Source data
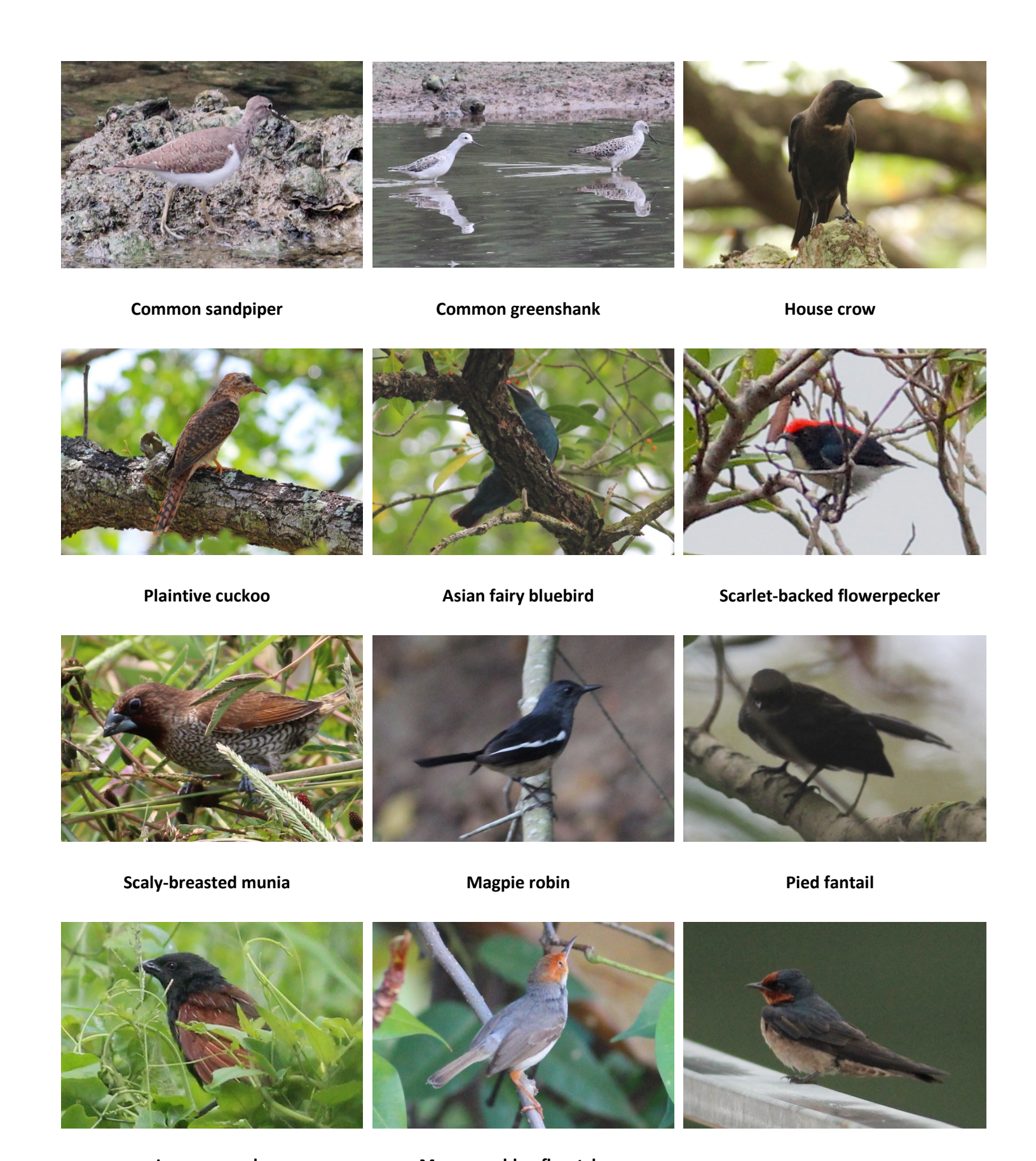
Lesser coucal Mangrove blue flycatcher Pacific swallow
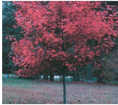
Acer rubrum (Red Maple) ◆ Street tree
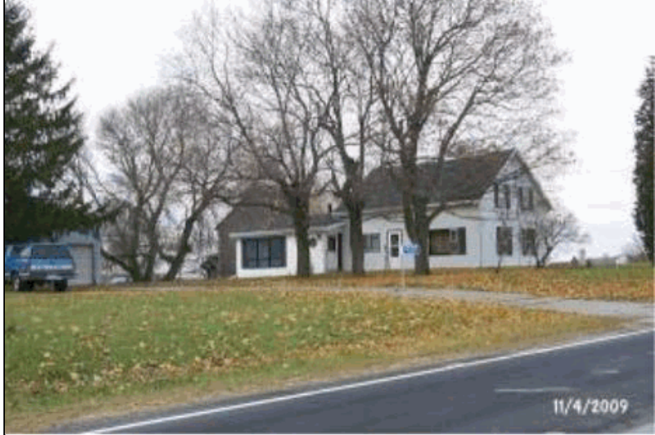
Total living area is 1,790 SF; building assessed value is $72,500
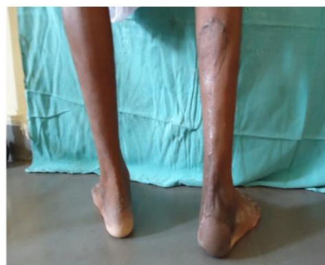
Figure -2: Pedicled reverse sural artery flap.
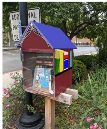
Book Box Refresh (in process)
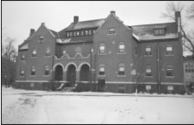
Figure 75. Some archaeological collections are housed in Babcock Hall at the University of North Dakota, Grand Forks.
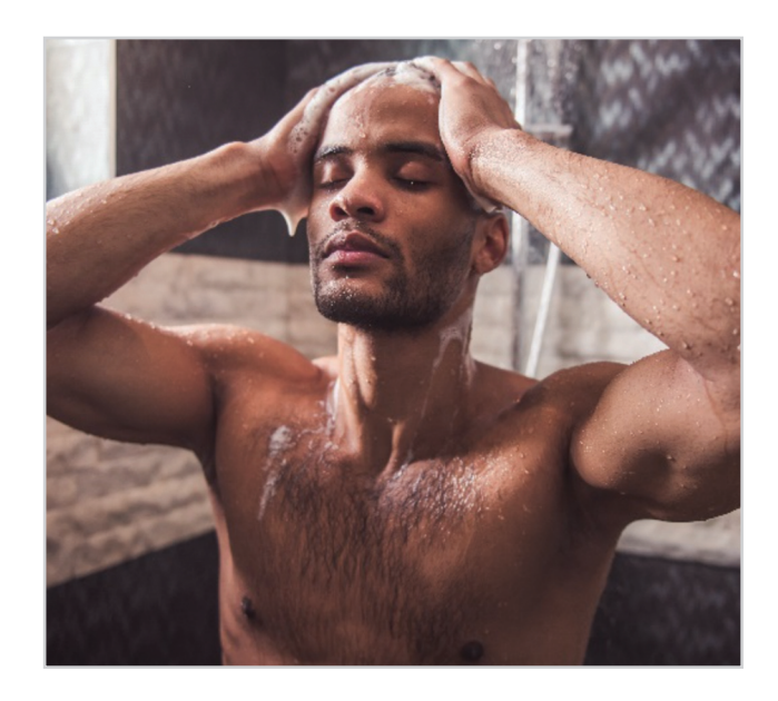
IDEAL FOR SHAMPOO AND BODY WASH!
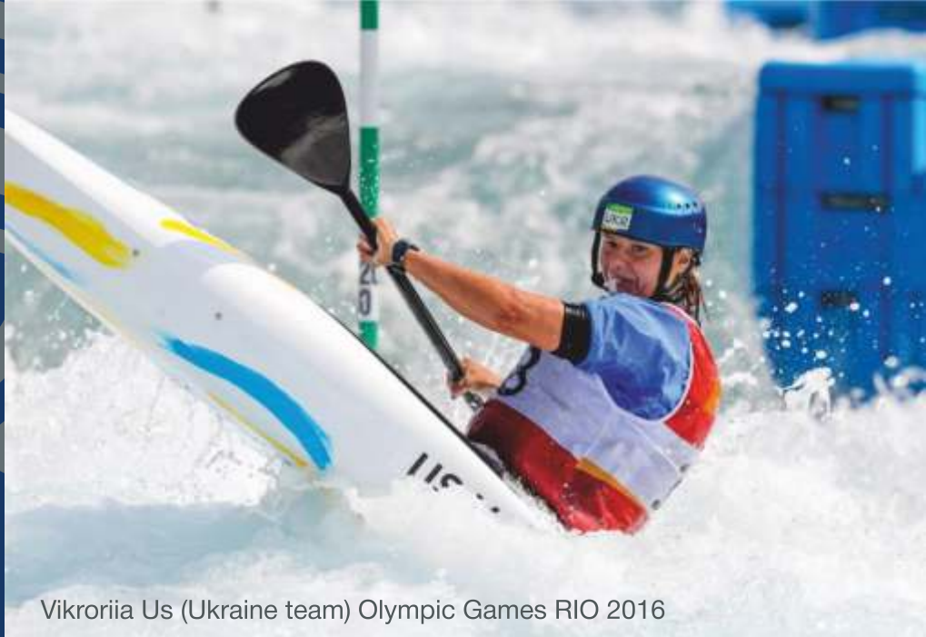
Viktoriia Us (Ukraine team) Olympic Games RIO 2016
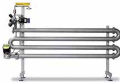
CARBONATION CONTROL SYSTEM
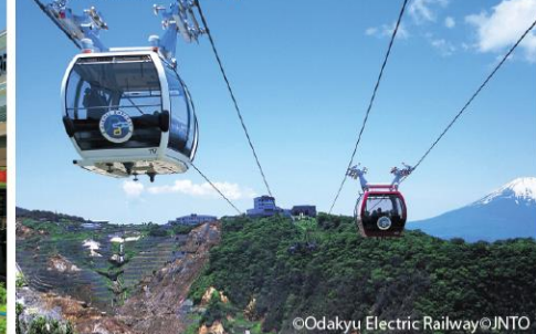
(Day 7) Hakone Ropeway
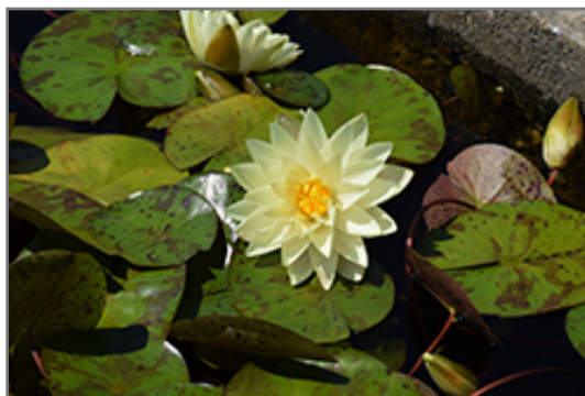
Lemon Chiffon Hardy Water Lily flowers

(TASK BRIEF):
Your copy should begin at the line containing "(Day 7) Hakone Ropeway" and end at the last line of the data above, matching each line exactly and holding no pictures.

(EXPECTED ANSWER):
(Day 7) Hakone Ropeway
Lemon Chiffon Hardy Water Lily flowers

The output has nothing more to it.